Tableau 1 : Interprétation de l’IMC par l’OMS.

IMC (kg.m-2) = Interprétation < 16,5 Dénutrition, famine 16,5 - 18,5 Maigreur 18,5 - 25 Corpulence normale 25 - 30 Surpoids 30 - 35 Obésité modérée 35 - 40 Obésité sévère

> 40 Obésité morbide, massive

Source : OMS (64), http://www.who.int/fr/ Autres marqueurs de santé

La densité mammaire en mammographie est significativement associée au risque de cancer du sein. Sur une image du sein à la mammographie, les rayons X passent facilement à travers le tissu adipeux, qui apparaît en foncé ; par contre, les tissus épithéliaux et conjonctifs sont plus denses et apparaissent en blanc sur l’image aux rayons X (figure 7).
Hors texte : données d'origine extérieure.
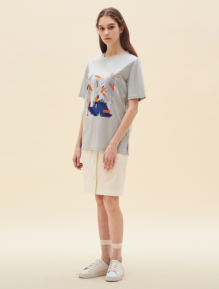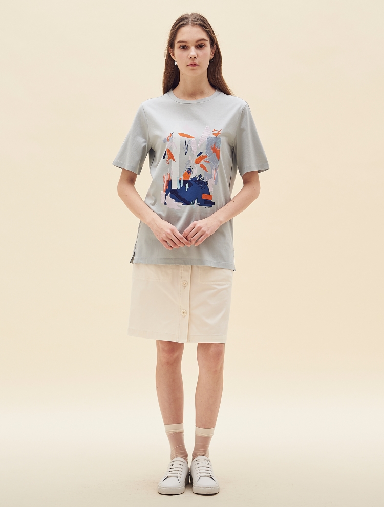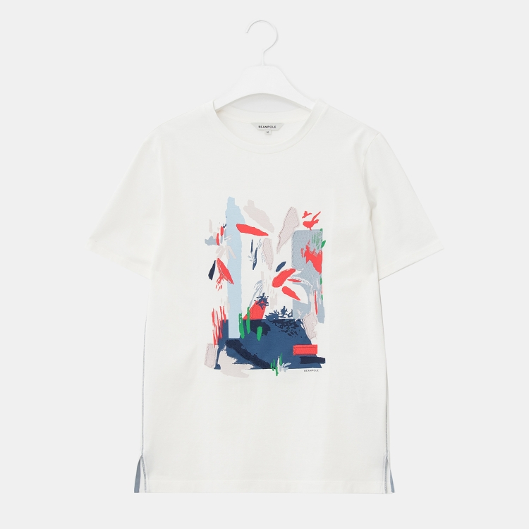 - 룩에 큰 포인트로 활용할 수 있는 컬러풀한 프린팅이 더해진 티셔츠입니다.

Des études ont montré que les femmes avec une densité mammaire élevée ont 3 à 4 fois plus de risque de cancer du sein que les femmes dont les seins sont presque entièrement constitués de tissu adipeux (65;66). La densité mammaire reflète le nombre de cellules mammaires épithéliales à risque de transformation cancéreuse et leur degré de prolifération, qui augmente les chances de mutations de l’ADN menant à la transformation cancéreuse. Elle reflète également le nombre et le degré de prolifération des cellules stromales entourant les cellules épithéliales, qui jouent un rôle majeur dans l’évolution du cancer en permettant l’invasion et la dissémination des cellules cancéreuses (1). La densité mammaire diminue avec l’âge et serait plus élevée chez les femmes n’ayant pas eu d’enfants, ayant fait une première grossesse tardive et ayant une consommation d’alcool ou un IMC élevés en

postménopause. Il semble cependant que les variations inter-individuelles de la densité mammaire s’expliquent en grande partie par des facteurs génétiques (67).

Figure 7 : Représentation de mammographies pour des seins de densité faible (gauche) à élevée (droite). Source : http://www.cbcf.org (site consulté le 23/07/2014)

Un antécédent de maladie bénigne du sein (appelée également mastopathie bénigne) augmente le risque de cancer du sein. Cependant, celui-ci est modulé selon le type de maladie bénigne, le caractère prolifératif de la maladie et l’existence d’antécédents familiaux (68;69). Les maladies bénignes du sein sont usuellement classées en trois catégories : les lésions non prolifératives, les lésions prolifératives sans atypie* et les lésions prolifératives avec atypie. Les lésions non prolifératives et prolifératives sans atypie sont associées à un faible sur-risque de cancer du sein, tandis que les lésions prolifératives avec atypie multiplient le risque environ par 4 (70;71).

Enfin, il y aurait une association entre le diabète* et le risque de cancer du sein. Les femmes diabétiques auraient un risque de 16 à 20 % plus élevé que les femmes non-diabétiques. L’association semblerait plus claire en ce qui concerne le diabète de type II* que de type I* (72;73) et plus marquée après la ménopause (74;75).